Following endorsement by the Cabinet of Ministers, the government of the United Arab Emirates has published a comprehensive national policy on nuclear energy in order to meet increasing energy demand.
The construction permit for the unfinished second unit at Tennessee Valley Authority's (TVA's) Watts Bar nuclear power plant has been extended by the US Nuclear Regulatory Commission (NRC). The permit has been extended until 31 March 2013. TVA requested the extension on 8 May. The company has told the NRC that it intends to complete Watts Bar 2 by 2013 and request an operating licence in 2012. When completed, the reactor will be an 1100 MWe, Westinghouse-designed pressurised water reactor (PWR), essentially the same as the operating unit Watts Bar 1, which started up in 1996. TVA received a construction permit for both units in 1973. Initial construction on Unit 2 stopped in 1985. In October 2000, the NRC extended the Unit 2 construction permit to 31 December 2010. In August 2007, the TVA board decided to complete construction of Watts Bar 2 to help meet growing demand for power. Completion is estimated to take five years and cost $2.5 billion.
Czech utility CEZ has requested that the country's Ministry of the Environment conduct an environmental impact assessment of two additional reactors at the Temelin nuclear power plant.
France has signed a nuclear cooperation agreement with Libya, adding to previous such agreements signed with other North African nations. In the last year France has concluded agreements with every North African country on the Mediterranean except Egypt.
[Associated Press, 7 July] An appeals court in the Czech Republic has ordered a retrial for seven artists who hacked into a national television weather broadcast in June 2007 to show a fake nuclear explosion on the horizon of a live shot of the Czech mountains. Members of the Prague-based Ztohoven art group admitted to tampering with equipment at public broadcaster Czech Television, adding that the project aimed to demonstrate how easily reality can be manipulated by the media. However, Czech Television called the stunt "improper" and said it could have scared many people. In March, the artists were acquitted of spreading false information, but the state prosecutor appealed the verdict. An appeals court in Hradec Kralove overturned the decision last week. A date for the new trial has yet to be set. If found guilty, the artists face a maximum jail term of three years. In December, Prague's National Gallery awarded the Ztohoven group the new NG 333 prize for young artists, worth some $21,750, for the project. On its website, the group says of its stunt: "On 17 June 2007, our group invaded media and television territory, intruded and impeached its trueness as well as its credibility."

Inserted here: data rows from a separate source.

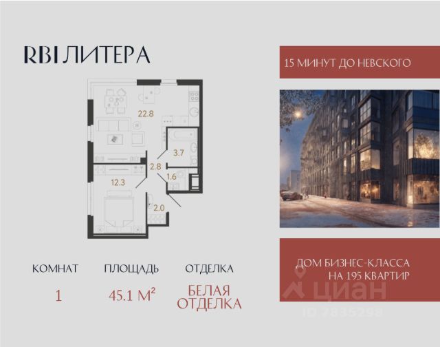 Клубный дом "Литера" от RBI. Новая "Литера" вашей жизни Камерный проект бизнес-класса на 195 квартир строится в 6 минутах от метро "Елизаровская" в непосредственной близости от исторического и делового центра Петербурга. Дом располагается в 700 м от набережной Невы по Большому Смоленскому проспекту: встречать рассветы и провожать закаты, наслаждаясь захватывающей панорамой города и зелёным окружением Невского района, можно из окон собственной квартиры! До Московского вокзала и центральной части Невского проспекта — 15 минут с учётом пешей прогулки до "Елизаровской" от дома. Добраться на автомобиле можно за то же время. До аэропорта "Пулково" 23 км. Дом состоит из двух 12-этажных секций, которые располагаются друг напротив друга, и ещё двух 8-этажных. Вместе секции образуют букву "Л" — форма дома отсылает к его названию. Планировки — от студий до просторных евро-четырёхкомнатных. Площадь квартир — от 24 до 121 м², высота потолков на типовых этажах — 2,8 м. На верхних этажах располагаются квартиры с террасами. Для романтиков — квартиры с эркерами. Для ценителей функциональных планировок — квартиры с выделенной рабочей зоной кухни и большой гостиной-столовой, планировки с мастер-спальнями и гардеробными. Ритмичную архитектуру в стиле лофт дополняют характерные "литеры" эркеров. Основной объём внешних фасадов из красного кирпича обеспечивается за счёт фламандской 3D-кладки и декоративных рустов. Со двора фасады выполнены в светлых тонах — чтобы усилить ощущение простора и безопасности. Единая дизайн-концепция продолжается в лобби дома. Сочетание тёплого кирпича с холодным металлом и стеклом создаёт харизматичное, брутальное настроение интерьера парадной группы. Чёткость вертикальных объёмов смягчается округлыми формами стойки ресепшн и декоративных куртин, а большие витражные окна создают иллюзию бесконечности пространства. Придать мыслям стройную форму можно будет в специально оборудованной зоне коворкинга только для жителей. Здесь же в лобби со свободным Wi-Fi появится зона ожидания для гостей и уникальный арт-объект от Владимира Абиха. Диптих из объёмных оттисков друг друга при наложении образует единое целое и запечатывает в себе фразу "Между нами". Эта инсталляция — метафора общности между нами, воплощение в искусстве объективной истины о том, что хотя вокруг много людей, лишь с немногими ощущаешь неподдельную связь и самого себя кем-то цельным. Вход на приватную территорию — по электронному ключу бесконтактного доступа. Во дворе высадят взрослые деревья и цветущие растения, оборудуют зону для занятий спортом, места отдыха для взрослых и экологичную детскую площадку с развивающими элементами для малышей и подростков. Двор без машин — можно отпускать детей на прогулки и не переживать за их безопасность. Для жителей оборудуют тёплый подземный паркинг, велопарковки и колясочные. На охраняемой территории у дома появится гостевая стоянка. Дом "Литера". Для авторов своей жизни
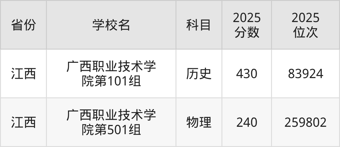 2025年广西职业技术学院历史类最低分384分(61888名)、物理类最低分360分(183888名)。
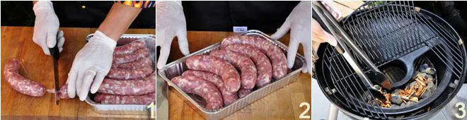 First, it is necessary to remove the string from the sausages 1 (if still present) and cut them to handle each sausage individually 2. The sausages should not be pierced before, during, or after cooking. The openings at the ends will suffice to drain excess fat. The grill should be set up for indirect cooking. When the coals are ready, throw water-soaked cherry chips 3 onto the coals for at least 30 minutes. Close the lid and wait for the smoke to be produced.
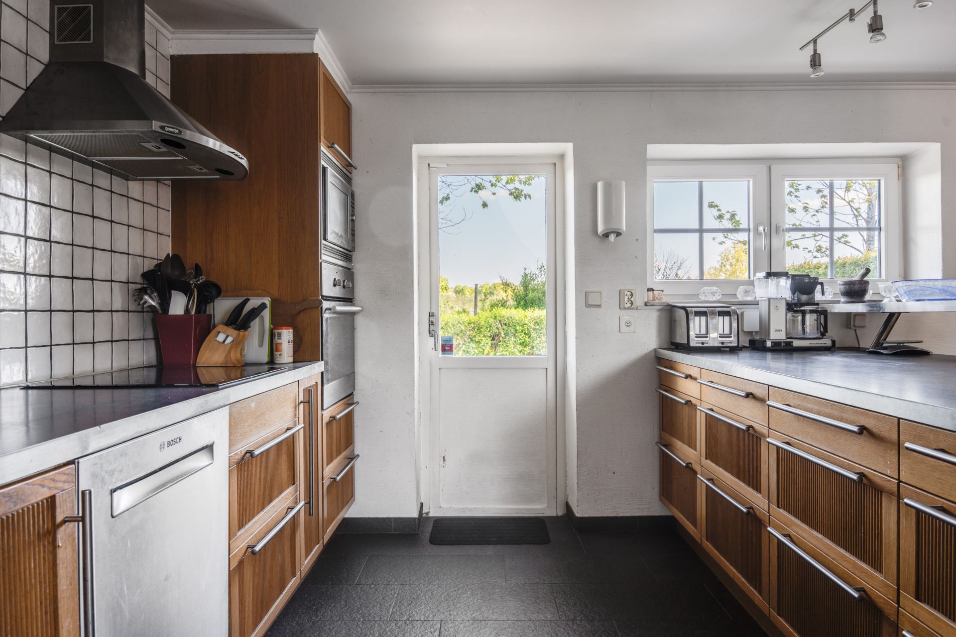Fönstren och den helglasade terrassdörren ger ett behagligt ljusflöde under dagen och fin utsikt mot den grönskande trädgården. Dörren leder dessutom direkt ut, vilket skapar en härlig koppling mellan inne och ute – perfekt för att njuta av morgonkaffet i solen eller en stilla stund på kvällen.
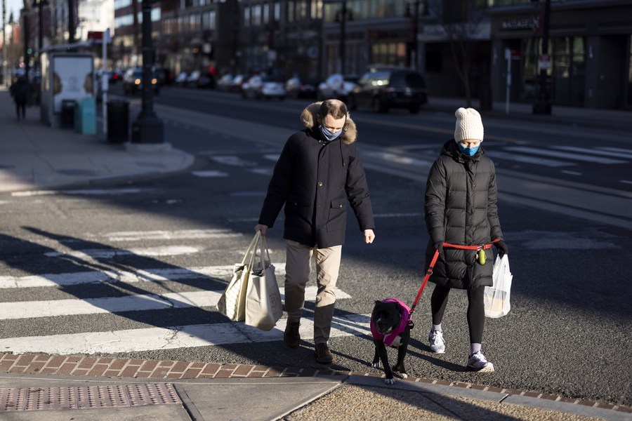People with shopping bags walk on a street in Washington, D.C., the United States, March 5, 2021. (Photo by Ting Shen/Xinhua)
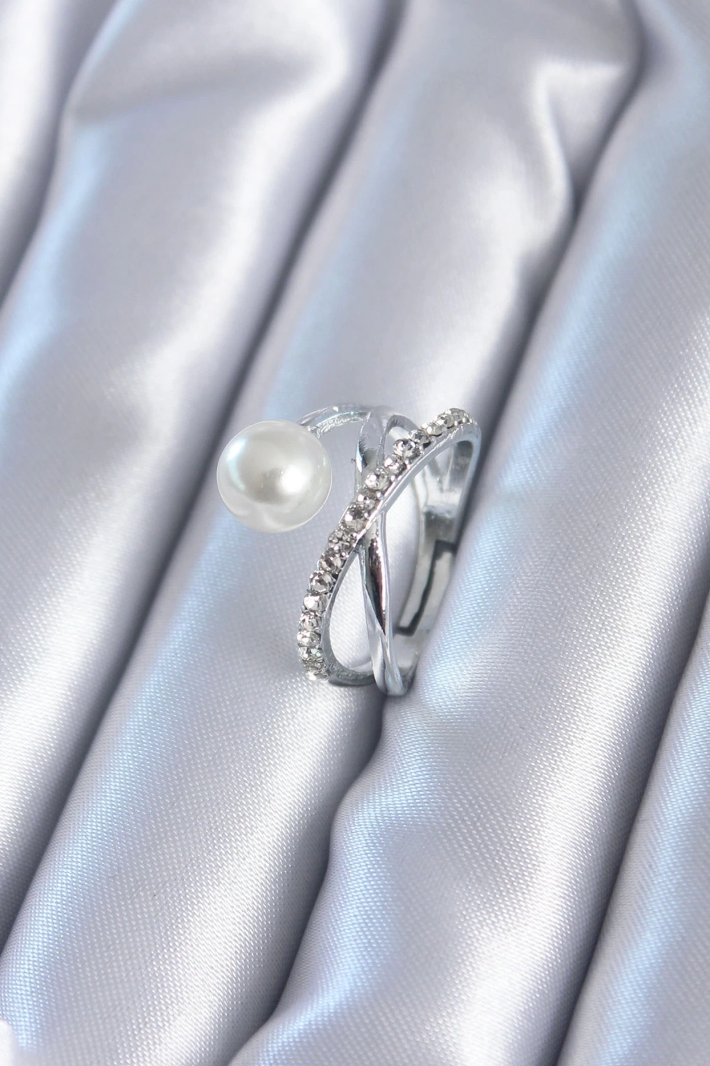 BFS Gümüş Renk Zirkon Taşlı İncili Kadın Yüzük
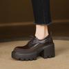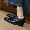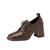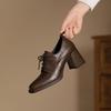 Zapatos vintage con cordones y boca profunda para mujer, estilo británico, 2025. Nuevo estilo: zapatos de cuero con tacón alto y punta cuadrada, estilo francés y tacón grueso.
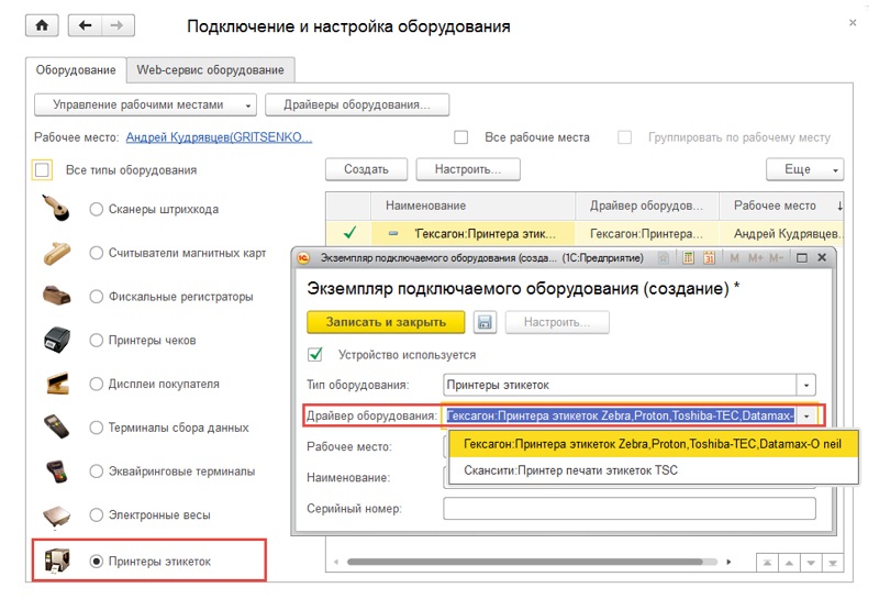 • В типе оборудования выделите пункт «Принтеры этикеток».
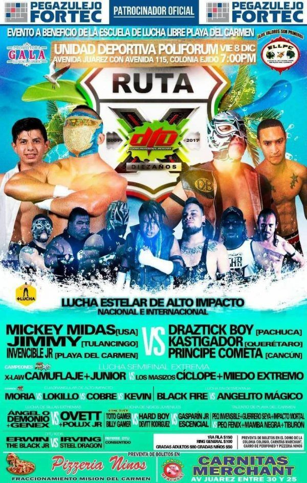 Con una cartelera de luchadores nacionales y extranjeros los aficionados del deporte de los costalazos, vuelos y llaves podrán también ayudar los deportistas locales ya que parte de las localidades serán donadas a la escuela de Lucha libre de Playa del Carmen.
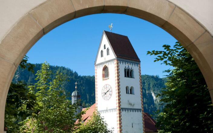 Die zu Beginn des 18. Jahrhunderts unter dem Baumeister Johann Jakob Herkomer erbaute Barockbasilika war bis 1802 Klosterkirche der gleichnamigen Benediktinerabtei. Die Innenfresken illustrieren die Magnuslegende. In der romanischen Ostkrypta ist die älteste in Bayern erhaltene Freskomalerei (um 980, Reichenauer Schule) zu sehen, die den hl. Magnus zeigt. Zu sehen in der Kirche sind italienische Einflüsse, wie das Wandpfeilerschema und ein halb römische Thermenfenster. Informationen über Führungen bekommen Sie unter www.katholisch-fuessen.de
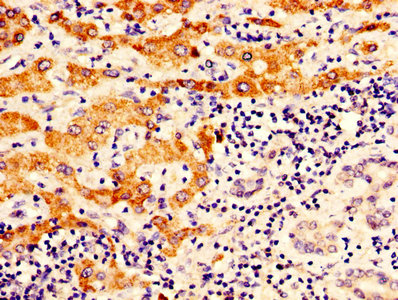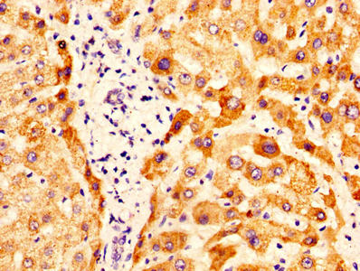 IHC image of CSB-PA017270LA01HU diluted at 1:400 and staining in paraffin-embedded human liver tissue performed on a Leica BondTM system. After dewaxing and hydration, antigen retrieval was mediated by high pressure in a citrate buffer (pH 6.0). Section was blocked with 10% normal goat serum 30min at RT. Then primary antibody (1% BSA) was incubated at 4°C overnight. The primary is detected by a biotinylated secondary antibody and visualized using an HRP conjugated SP system.

[Bloomberg, 11 July] The USA, China, South Korea, Japan and Russia have agreed on "principles" needed to verify North Korea's list of nuclear materials and programs, according to the chief US envoy, assistant secretary of state Christopher Hill. He said that officials will begin to determine the specifics of how, for example, to check the accuracy of documents submitted by North Korea, set up reactor site visits and conduct interviews with scientists. "Those are examples of the principles, but the key thing will be when the denuclearization working group meets to work out the actual protocol," Hill said. The six-nation talks aim to set a "road map" that will outline how North Korea will dismantle and abandon its nuclear weapons programs, in the third and final phase of the disarmament effort. The latest meetings, which began in Beijing yesterday, follow the recent declaration by North Korea of its nuclear activities and the demolition of the cooling tower at the Yongbyon nuclear weapons complex.
A 'preferred bidder' has been selected for the management of the UK's enormous Sellafield site. The Nuclear Management Partners consortium will now enter negotiations over the £1.3 billion ($2.5 billion) per year contract.